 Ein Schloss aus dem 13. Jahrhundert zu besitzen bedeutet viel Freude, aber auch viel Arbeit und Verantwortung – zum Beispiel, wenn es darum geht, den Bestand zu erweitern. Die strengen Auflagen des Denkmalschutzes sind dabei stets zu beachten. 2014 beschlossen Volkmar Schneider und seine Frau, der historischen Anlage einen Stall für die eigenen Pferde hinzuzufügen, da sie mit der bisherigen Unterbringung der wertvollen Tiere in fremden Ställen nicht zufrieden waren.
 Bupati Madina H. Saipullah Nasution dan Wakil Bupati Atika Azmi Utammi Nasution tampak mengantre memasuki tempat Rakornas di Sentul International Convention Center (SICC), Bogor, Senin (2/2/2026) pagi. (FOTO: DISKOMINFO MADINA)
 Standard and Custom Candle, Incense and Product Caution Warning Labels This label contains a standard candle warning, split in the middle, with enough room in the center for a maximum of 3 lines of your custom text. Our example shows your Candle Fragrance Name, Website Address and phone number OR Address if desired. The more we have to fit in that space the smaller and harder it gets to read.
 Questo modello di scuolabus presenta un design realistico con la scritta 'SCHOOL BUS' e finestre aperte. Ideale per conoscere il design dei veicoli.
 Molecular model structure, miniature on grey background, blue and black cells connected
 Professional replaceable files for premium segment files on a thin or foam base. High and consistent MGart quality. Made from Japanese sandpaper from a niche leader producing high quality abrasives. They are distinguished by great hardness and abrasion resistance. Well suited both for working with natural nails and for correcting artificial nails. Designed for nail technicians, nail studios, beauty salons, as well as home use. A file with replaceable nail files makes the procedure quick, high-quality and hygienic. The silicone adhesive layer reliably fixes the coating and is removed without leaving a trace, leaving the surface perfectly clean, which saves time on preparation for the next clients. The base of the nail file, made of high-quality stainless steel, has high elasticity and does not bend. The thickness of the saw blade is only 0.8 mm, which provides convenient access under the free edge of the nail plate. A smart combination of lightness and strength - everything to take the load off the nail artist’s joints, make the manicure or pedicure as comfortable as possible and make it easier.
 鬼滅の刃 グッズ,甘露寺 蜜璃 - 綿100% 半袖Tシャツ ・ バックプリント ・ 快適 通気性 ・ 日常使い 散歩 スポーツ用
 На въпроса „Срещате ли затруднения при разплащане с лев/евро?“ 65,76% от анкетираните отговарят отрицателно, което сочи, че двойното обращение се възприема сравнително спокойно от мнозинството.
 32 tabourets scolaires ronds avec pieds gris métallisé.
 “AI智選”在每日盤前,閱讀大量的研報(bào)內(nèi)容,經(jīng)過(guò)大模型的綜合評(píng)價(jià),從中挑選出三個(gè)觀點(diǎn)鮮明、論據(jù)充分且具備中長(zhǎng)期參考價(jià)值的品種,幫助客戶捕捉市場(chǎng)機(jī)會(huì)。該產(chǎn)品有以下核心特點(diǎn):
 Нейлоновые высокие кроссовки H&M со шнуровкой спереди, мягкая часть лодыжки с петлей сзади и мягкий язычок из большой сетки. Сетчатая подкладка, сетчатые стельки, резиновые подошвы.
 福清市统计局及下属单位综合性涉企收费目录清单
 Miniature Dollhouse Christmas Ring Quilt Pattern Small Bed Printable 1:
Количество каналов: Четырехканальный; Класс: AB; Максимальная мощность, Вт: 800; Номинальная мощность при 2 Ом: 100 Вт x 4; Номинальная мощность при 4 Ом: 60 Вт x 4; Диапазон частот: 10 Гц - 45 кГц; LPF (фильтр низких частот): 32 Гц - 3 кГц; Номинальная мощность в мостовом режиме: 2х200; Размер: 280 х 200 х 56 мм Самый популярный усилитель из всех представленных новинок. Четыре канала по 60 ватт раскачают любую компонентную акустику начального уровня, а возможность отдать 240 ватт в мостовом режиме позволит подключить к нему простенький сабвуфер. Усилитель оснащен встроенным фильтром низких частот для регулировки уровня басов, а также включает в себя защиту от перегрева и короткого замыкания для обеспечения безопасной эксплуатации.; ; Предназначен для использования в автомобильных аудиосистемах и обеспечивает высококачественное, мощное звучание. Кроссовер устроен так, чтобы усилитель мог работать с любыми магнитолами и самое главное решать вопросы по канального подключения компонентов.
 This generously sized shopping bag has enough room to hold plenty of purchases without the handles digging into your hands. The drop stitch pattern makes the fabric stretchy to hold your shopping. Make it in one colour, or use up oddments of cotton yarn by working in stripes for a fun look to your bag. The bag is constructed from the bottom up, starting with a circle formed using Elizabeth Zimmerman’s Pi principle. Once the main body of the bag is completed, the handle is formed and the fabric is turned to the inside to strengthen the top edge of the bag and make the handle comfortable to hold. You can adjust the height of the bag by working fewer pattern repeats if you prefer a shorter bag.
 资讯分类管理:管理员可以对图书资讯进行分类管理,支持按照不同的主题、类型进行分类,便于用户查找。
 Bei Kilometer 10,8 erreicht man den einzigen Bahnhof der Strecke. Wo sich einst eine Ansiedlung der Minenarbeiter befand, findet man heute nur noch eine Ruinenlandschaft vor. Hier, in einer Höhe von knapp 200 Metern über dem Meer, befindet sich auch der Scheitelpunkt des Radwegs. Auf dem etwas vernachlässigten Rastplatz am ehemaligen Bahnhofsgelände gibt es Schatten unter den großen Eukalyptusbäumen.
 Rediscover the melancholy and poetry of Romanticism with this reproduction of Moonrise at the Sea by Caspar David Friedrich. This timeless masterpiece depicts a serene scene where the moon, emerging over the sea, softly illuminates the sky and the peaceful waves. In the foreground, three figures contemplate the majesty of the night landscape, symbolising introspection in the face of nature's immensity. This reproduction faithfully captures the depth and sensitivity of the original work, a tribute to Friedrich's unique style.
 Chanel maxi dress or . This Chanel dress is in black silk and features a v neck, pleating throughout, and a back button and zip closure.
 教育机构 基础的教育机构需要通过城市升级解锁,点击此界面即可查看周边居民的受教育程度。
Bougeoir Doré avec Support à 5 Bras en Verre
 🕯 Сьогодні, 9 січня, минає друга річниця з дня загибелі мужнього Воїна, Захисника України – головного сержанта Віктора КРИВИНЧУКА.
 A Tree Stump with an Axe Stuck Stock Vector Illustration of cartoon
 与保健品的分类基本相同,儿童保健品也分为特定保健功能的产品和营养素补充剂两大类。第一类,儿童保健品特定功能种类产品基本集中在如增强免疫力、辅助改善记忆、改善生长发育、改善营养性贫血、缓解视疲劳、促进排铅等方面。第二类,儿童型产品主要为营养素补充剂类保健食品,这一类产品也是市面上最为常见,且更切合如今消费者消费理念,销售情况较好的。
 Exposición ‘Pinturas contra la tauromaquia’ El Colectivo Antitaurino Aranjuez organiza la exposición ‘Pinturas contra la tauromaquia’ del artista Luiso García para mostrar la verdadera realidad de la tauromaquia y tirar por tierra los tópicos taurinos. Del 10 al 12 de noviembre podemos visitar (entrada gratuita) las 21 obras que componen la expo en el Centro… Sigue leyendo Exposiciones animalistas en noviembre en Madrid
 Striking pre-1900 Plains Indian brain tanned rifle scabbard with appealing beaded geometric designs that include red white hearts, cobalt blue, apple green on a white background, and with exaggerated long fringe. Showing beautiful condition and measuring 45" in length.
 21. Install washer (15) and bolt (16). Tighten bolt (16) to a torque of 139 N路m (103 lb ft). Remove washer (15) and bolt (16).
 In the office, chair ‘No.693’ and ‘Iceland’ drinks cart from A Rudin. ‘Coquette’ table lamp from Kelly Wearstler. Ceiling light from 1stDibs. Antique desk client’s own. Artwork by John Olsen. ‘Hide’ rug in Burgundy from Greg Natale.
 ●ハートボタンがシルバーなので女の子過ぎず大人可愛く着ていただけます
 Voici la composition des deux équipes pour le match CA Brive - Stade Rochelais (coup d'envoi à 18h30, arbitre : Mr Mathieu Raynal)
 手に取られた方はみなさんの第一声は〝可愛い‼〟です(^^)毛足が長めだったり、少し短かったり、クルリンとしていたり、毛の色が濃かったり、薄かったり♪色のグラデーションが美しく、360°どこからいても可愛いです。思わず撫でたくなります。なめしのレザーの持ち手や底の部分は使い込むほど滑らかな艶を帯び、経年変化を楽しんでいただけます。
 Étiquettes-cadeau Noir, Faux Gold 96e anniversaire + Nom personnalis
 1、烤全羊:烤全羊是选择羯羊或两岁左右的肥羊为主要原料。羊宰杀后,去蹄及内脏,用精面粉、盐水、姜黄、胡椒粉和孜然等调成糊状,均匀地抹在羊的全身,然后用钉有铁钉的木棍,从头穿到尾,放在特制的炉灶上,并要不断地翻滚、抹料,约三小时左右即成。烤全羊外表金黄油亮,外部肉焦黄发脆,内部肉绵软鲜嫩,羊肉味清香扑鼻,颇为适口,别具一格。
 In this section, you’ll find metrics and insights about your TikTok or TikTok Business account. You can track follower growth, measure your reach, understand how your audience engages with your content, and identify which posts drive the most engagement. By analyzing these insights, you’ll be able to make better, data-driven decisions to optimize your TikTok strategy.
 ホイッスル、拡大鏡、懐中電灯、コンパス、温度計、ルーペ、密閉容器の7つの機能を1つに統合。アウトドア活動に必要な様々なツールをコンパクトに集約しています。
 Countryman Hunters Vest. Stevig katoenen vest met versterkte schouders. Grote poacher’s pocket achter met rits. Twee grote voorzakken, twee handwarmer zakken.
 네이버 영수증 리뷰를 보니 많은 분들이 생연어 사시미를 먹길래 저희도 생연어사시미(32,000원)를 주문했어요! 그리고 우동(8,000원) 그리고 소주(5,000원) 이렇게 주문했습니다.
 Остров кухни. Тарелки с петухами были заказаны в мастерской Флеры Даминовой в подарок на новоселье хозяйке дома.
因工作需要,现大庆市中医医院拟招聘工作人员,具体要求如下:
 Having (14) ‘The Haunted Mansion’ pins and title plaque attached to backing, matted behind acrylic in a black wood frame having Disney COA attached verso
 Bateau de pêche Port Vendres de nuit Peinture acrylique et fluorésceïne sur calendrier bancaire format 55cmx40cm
┄┄┄┄┄┄┄┄┄┄
What to do: Your output is to be the lines of the listing, exact and complete, starting at the first and ending with the line that contains "Molecular model structure, miniature".

Solution for this task:
 Ein Schloss aus dem 13. Jahrhundert zu besitzen bedeutet viel Freude, aber auch viel Arbeit und Verantwortung – zum Beispiel, wenn es darum geht, den Bestand zu erweitern. Die strengen Auflagen des Denkmalschutzes sind dabei stets zu beachten. 2014 beschlossen Volkmar Schneider und seine Frau, der historischen Anlage einen Stall für die eigenen Pferde hinzuzufügen, da sie mit der bisherigen Unterbringung der wertvollen Tiere in fremden Ställen nicht zufrieden waren.
 Bupati Madina H. Saipullah Nasution dan Wakil Bupati Atika Azmi Utammi Nasution tampak mengantre memasuki tempat Rakornas di Sentul International Convention Center (SICC), Bogor, Senin (2/2/2026) pagi. (FOTO: DISKOMINFO MADINA)
 Standard and Custom Candle, Incense and Product Caution Warning Labels This label contains a standard candle warning, split in the middle, with enough room in the center for a maximum of 3 lines of your custom text. Our example shows your Candle Fragrance Name, Website Address and phone number OR Address if desired. The more we have to fit in that space the smaller and harder it gets to read.
 Questo modello di scuolabus presenta un design realistico con la scritta 'SCHOOL BUS' e finestre aperte. Ideale per conoscere il design dei veicoli.
 Molecular model structure, miniature on grey background, blue and black cells connected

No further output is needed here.